I left without telling dh I was running, I just wanted to get my shirt. Once I got there of course I got excited, and forgot all about being sick. I had to really talk to myself and tell myself to not go out fast, to just relax, to enjoy the run, who cares if the 11 year old girl passes me-

It was a really great race, super well organized, it was large, a chip-timed event. It was in a part of Columbus I am familiar with and it was so nice to run on the city streets again after all of those miles on the quiet country roads. I held myself back and I am glad I did because I had a really enjoyable race. My breathing was easy, it felt so nice not to be so focused on on passing the next person in front of me or checking my watch every minute (in fact I purposely left my watch in the car so I could not do this).

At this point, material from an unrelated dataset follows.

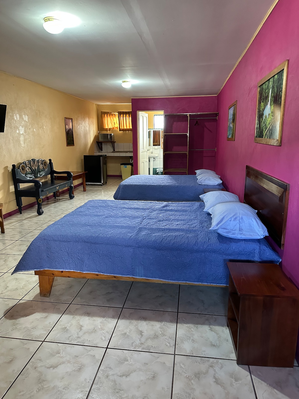 Enjoy a peaceful night in our spacious room with a comfortable queen-sized bed, set within a charming eco-friendly hotel powered by solar energy and inspired by traditional Costa Rican hospitality. After a peaceful night, wake up to a delightful morning with our buffet breakfast (extra fee), prepared with fresh, organic, and locally sourced ingredients. Every dish is handmade with care and love to give you the perfect start to your day. Come experience the true essence of Costa Rica with us!

I was thrilled with the race. I finished in just under 34 minutes (33:56), my original goal had been to break 32 minutes. So even though I tried to hold back, I only held back about 30 seconds per mile, and I did still run faster than I do at home which is about a 9 minute mile. Plus, I felt good at the finish! I thought maybe I would be exhausted, but I think the adreneline was pumping, and I also imagined sweating out the sickness during the race and that helped. Also I'm sure the Alleve I took before the race helped some too

I am proud of myself for driving down to the race Friday morning-I was very close on Thursday night to just turning my alarm clock off. I don't think I would have forgiven myself for giving up that $27!!!